Some have said that the 1998 law is not comprehensive enough. Signed by former Health Minister Suleiman Franjieh and former Environment Minister Akram Chehayeb, the law bars the importing of Crocidolite, Amosite, Anthophyllite, Actinolite and Tremolite but allows a common asbestos called Crysotile, known as white asbestos.

According to Hanna Bou Habib, an expert on chemical safety and hazardous waste management at the Environment Ministry, white asbestos poses a minimal health risk.

But Joseph Kattan, a doctor of hematology and oncology at Hotel Dieu Hospital, describes all types of asbestos as dangerous and a direct cause of cancer.

“If one type of asbestos is less aggressive, it doesn’t mean that it is not dangerous,” Kattan told The Daily Star.

Kattan explained that mesothelioma is usually caused by occupational or environmental exposure to asbestos.

“Unlike various speculations on other types of cancers, there is clear and strong evidence on the cause and effect relationship between asbestos contamination and mesothelioma,” Kattan said.

“A person spending hours on the road could also be vulnerable to asbestos contamination from the air, [contamination] which comes from car exhaust,” he added.

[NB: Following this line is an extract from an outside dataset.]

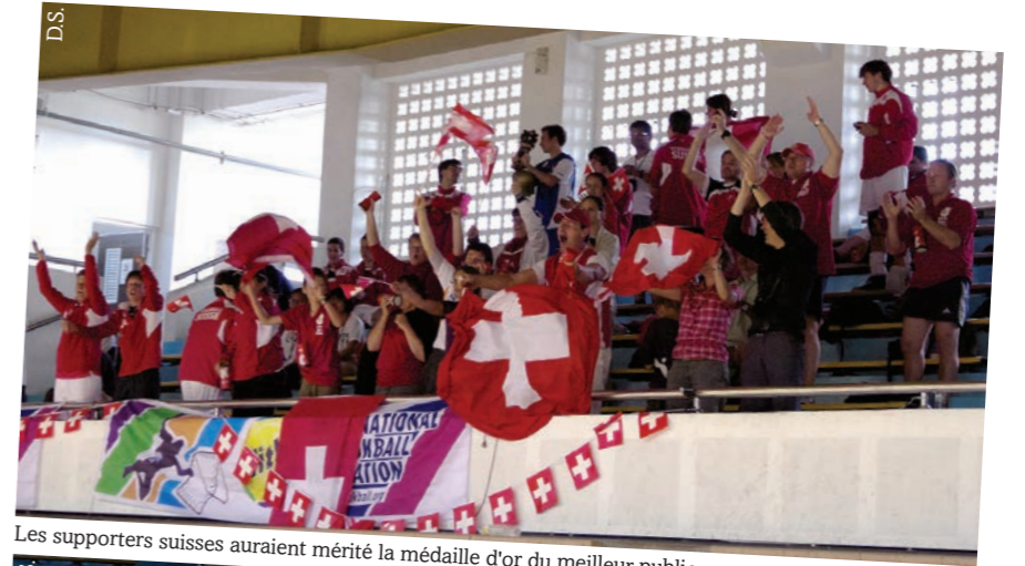
Les supporters suisses auraient mérité la médaille d'or du meilleur public.

The only study on mesothelioma in Lebanon was carried out in 2007 by Kattan and others found 17 new diagnoses of the cancer that year.

He believes that the rate of diagnoses in the years following the study should be similar.

Kattan also argues that despite the import ban, pipes made with the banned types have been brought into the country since the ban.

“Pipes made of asbestos were imported from Turkey in 2008 to be used for irrigation in the Bekaa,” he said, adding that consequently some may be consuming asbestos fibers.

Officials at the Environment Ministry told The Daily Star that that no asbestos has been imported into the country since 2006.

Dr. Marwan Ghosn of Hotel Dieu, who co-authored the mesothelioma study with Kattan, said that the period between asbestos exposure and the development of the cancer can be more than 30 years.

“The stronger the exposure to asbestos, the shorter the patient’s latency exposure,” he explained.

Dr. Arafat Tfayli, who specializes in hematology and oncology at the American University of Beirut’s hospital, said that asbestosis, which is a less serious disease than mesothelioma, can be diagnosed with a simple x-ray.

According to Tfayli, many cases of asbestosis do not develop into cancer, but patients with asbestosis are at greater risk of mesothelioma.

“When a worker exposed to asbestos goes home, his family members are likely to be at risk as well,” Tfayli said.

In cases of asbestosis and mesothelioma, early detection is the key to a possible cure.

But he said most patients consider shortness of breath, a symptom of both diseases, to be a symptom of aging rather than something more serious.

Treatment is possible, says Tfayli, who currently has a 72-year-old mesothelioma patient.

“If possible, a complex lung removal surgery can provide a patient with an effective cure,” he added.

A version of this article appeared in the print edition of The Daily Star on May 28, 2012, on page 4.